I cannot explain the difference between Matlab's and R's implementation, but there are several extensions to TRR that maybe Matlab uses and R does not.
Does your approach of using LM and TRR alternatingly converge better than TRR alone?
Using the mkin package, you can find the parameters using the "Port" algorithm (which is also a kind of a TRR algorithm as far as I could tell from its documentation), or the "Marq" algorithm, which uses nls.lm in the background. Then you can use "normal" starting values or "bad" starting values.
library(mkin)
packageVersion("mkin")
Recent mkin version can speed up the process considerably as they compile the models from automatically generated C code if a compiler is available on your system (e.g. you have r-base-dev installed on Debian/Ubuntu, or Rtools on Windows).
This defines the model:
m <- mkinmod(parent = mkinsub("SFO", "m1"),
m1 = mkinsub("SFO"),
use_of_ff = "max")
You can check that the differential equations are correct:
cat(m$diffs, sep = "\n")
Then we fit in four variants, Port and LM, with or without M0 fixed to 0.1:
f.Port = mkinfit(m, FOCUS_2006_D)
f.Port.M0 = mkinfit(m, FOCUS_2006_D, state.ini = c(parent = 0.1, m1 = 0))
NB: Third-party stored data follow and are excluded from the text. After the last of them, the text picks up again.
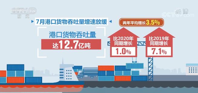 7月,我国港口货物吞吐量达12.7亿吨,比2020年同期增长1.0%,比2019年同期增长7.1%,两年平均增长3.5%。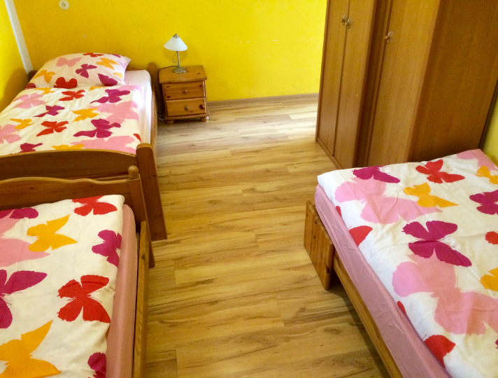 W jednym pokoju są trzy pojedyncze łóżka,a w salonie dodatkowo tapczan.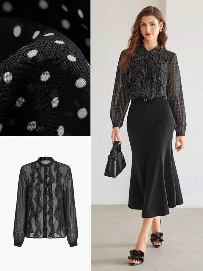 MOTF PREMIUM CHIFFON WOMEN'S POLKA DOT RUFFLE TRIM SHIRT - Black and White - View 1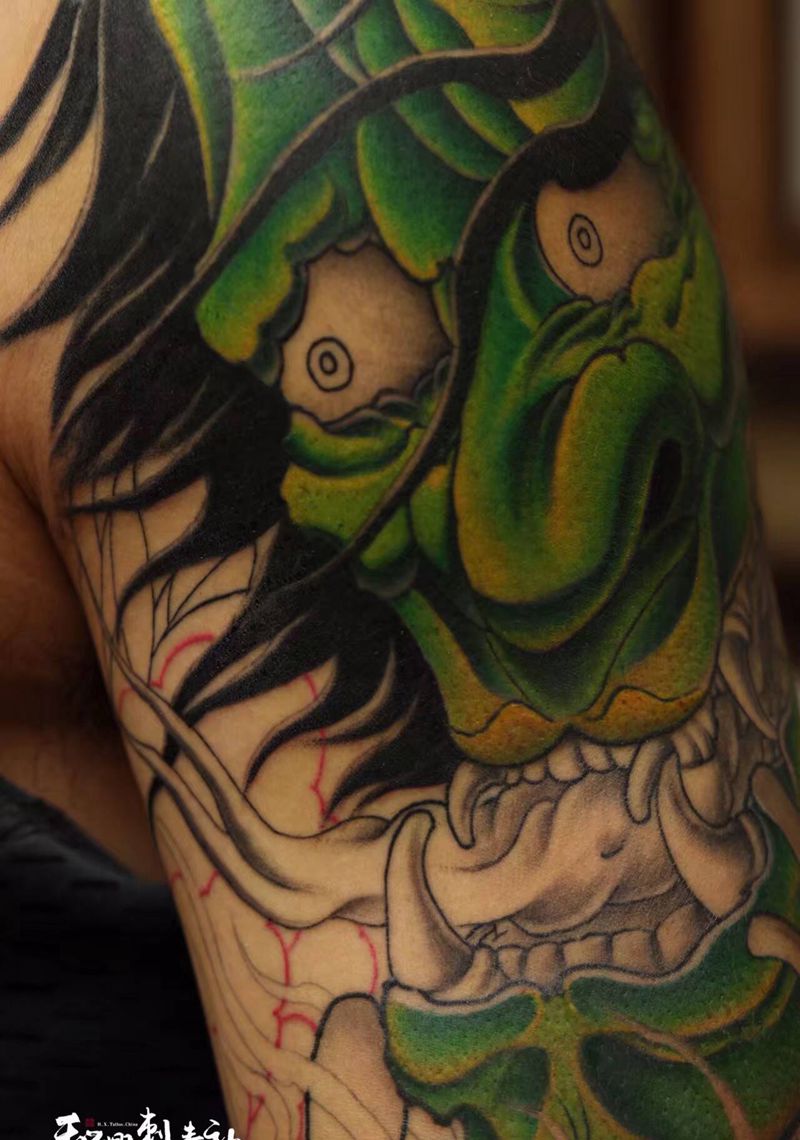 当前位置: 首页 >山东省青岛市纹身店-*和興刺青社*纹身图案>《不畏惧人生》纹身图片_肩部手臂新传统老传统般若面具菩萨纹身图案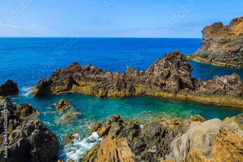 View of rocks on coast of Madeira island in Funchal, Portugal

f.LM = mkinfit(m, FOCUS_2006_D, method.modFit = "Marq")
f.LM.M0 = mkinfit(m, FOCUS_2006_D, state.ini = c(parent = 0.1, m1 = 0),
method.modFit = "Marq")
Then we look at the results:
results <- sapply(list(Port = f.Port, Port.M0 = f.Port.M0, LM = f.LM, LM.M0 = f.LM.M0),
function(x) round(summary(x)$bpar[, "Estimate"], 5))
which are
Port Port.M0 LM LM.M0
parent_0 99.59848 99.59848 99.59848 39.52278
k_parent 0.09870 0.09870 0.09870 0.00000
k_m1 0.00526 0.00526 0.00526 0.00000
f_parent_to_m1 0.51448 0.51448 0.51448 1.00000
So we can see that the Port algorithm finds the best solution (to the best of my knowledge) even with bad starting values. The speed issue that one may have with more complicated models is alleviated using the automatic generation of C code.